A Child Carries His Father’s Flesh on His Shoulder

On a late August afternoon in Gaza City, thirteen-year-old Ahmed Mohammed Abu Sakran stood frozen beside a small market stall, unable to move. A strike had ripped through the neighbourhood of Al-Rimal, killing his father instantly and leaving fragments of his body clinging to the boy’s shoulder. In that moment, childhood itself seemed to collapse under the weight of loss.

Ahmed recalls the heat of the blood, the smell of death, the silence that followed the blast. He tried to move away, but his body refused. “My father was beside me one second, gone the next,” he says quietly. “His flesh was on my shoulder, and I couldn’t scream. I couldn’t breathe.” The boy’s trembling frame carried not only the remnants of his father, but the burden of a life shattered.

His father had been his guide, smiling even through hunger, urging patience, teaching his son responsibility by keeping him at the stall that day. Those words,  “This is our livelihood, we must protect it”,  were the last Ahmed ever heard from him. Now, each sound of aircraft brings back the explosion, the rubble, the helplessness of standing alone in devastation.

Ahmed’s mother, Mariam, speaks of grief that words cannot hold. She remembers running to embrace her son after the strike, torn between relief that he was alive and despair that he had witnessed such horror. “When I saw him, I held him and cried endlessly,” she says. “I couldn’t protect him from the trauma, and my tears could not wash away the pain.”

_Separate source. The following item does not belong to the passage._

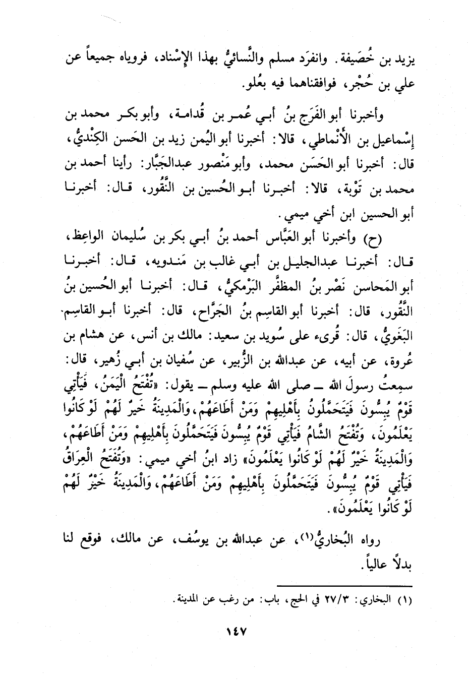 (ح) وأَخْبَرَنَا أَبُو الْعَبَّاس أَحْمَد بْن أَبي بَكْرِ بْنِ سُلَيْمان الْوَاعِظُ، قال: أَخْبَرَنَا عَبْدُ الْجَلِيلِ بْنُ أَبي غَالِبِ بْنِ مَنْدَوَيْهِ، قال: أَخْبَرَنَا أَبُو الْمَحَاسِنِ نَصْرُ بْنُ الْمُظَفَّرِ الْبَرْمَكِيُّ، قال: أخبرنا أَبُو الْحُسَيْنِ بْن النقور، قال: أَخْبَرَنَا أبو الْقَاسِمِ بْنُ الْجَرَّاحِ، قال: أَخْبَرَنَا أَبُو الْقَاسِمِ. الْبَغَوِيُّ، قال: قُرِئَ عَلَى سُوَيْدِ بْنِ سَعِيد: مَالِكِ بْنُ أَنَسٍ، عَنْ هِشَامِ بْنِ عروة، عَن أبيه، عن عَبد اللَّهِ بْنِ الزُّبَيْرِ، عَنْ سُفْيَانَ بْنِ أَبي زُهَيْرٍ، قال: سَمِعْتُ رَسُول اللَّهِ صلى الله عليه وسَلَّمَ يَقُولُ: تُفْتَحُ الْيَمَنُ، فَيَأْتِي قَوْمٌ يُبِسُّونَ فَيَتَحَمَّلُونَ بِأَهْلِيهِمْ ومَنْ أَطَاعَهُمْ، والْمَدِينَةُ خَيْرٌ لَهُمْ لَوْ كَانُوا يَعْلَمُونَ، وتُفْتَحُ الشَّامُ فَيَأْتِي قَوْمٌ يُبِسُّونَ فَيَتَحَمَّلُونَ بِأَهْلِيهِمْ ومَنْ أَطَاعَهُمْ، والْمَدِينَةُ خَيْرٌ لَهُمْ لَوْ كَانُوا يَعْلَمُونَ" زَادَ ابْنُ أَخِي ميمي: وتُفْتَحُ الْعِرَاقُ فَيَأْتِي قَوْمٌ يُبِسُّونَ فَيَتَحَمَّلُونَ بِأَهْلِيهِمْ ومَنْ أَطَاعَهُمْ، والْمَدِينَةُ خَيْرٌ لَهُمْ لَوْ كَانُوا يَعْلَمُونَ.

Their home is filled with silence now, their days marked by absence. Ahmed tries to appear strong for his younger siblings, reassuring them that their father is watching over them. But the trauma lingers in his eyes, replaying the moment that divided his life in two. Mariam sees it each time he struggles to laugh or play, knowing that he is fighting to create fragments of life amid destruction.

The boy’s words remain simple, yet devastating: “I feel like a part of me died with his flesh on my shoulder.”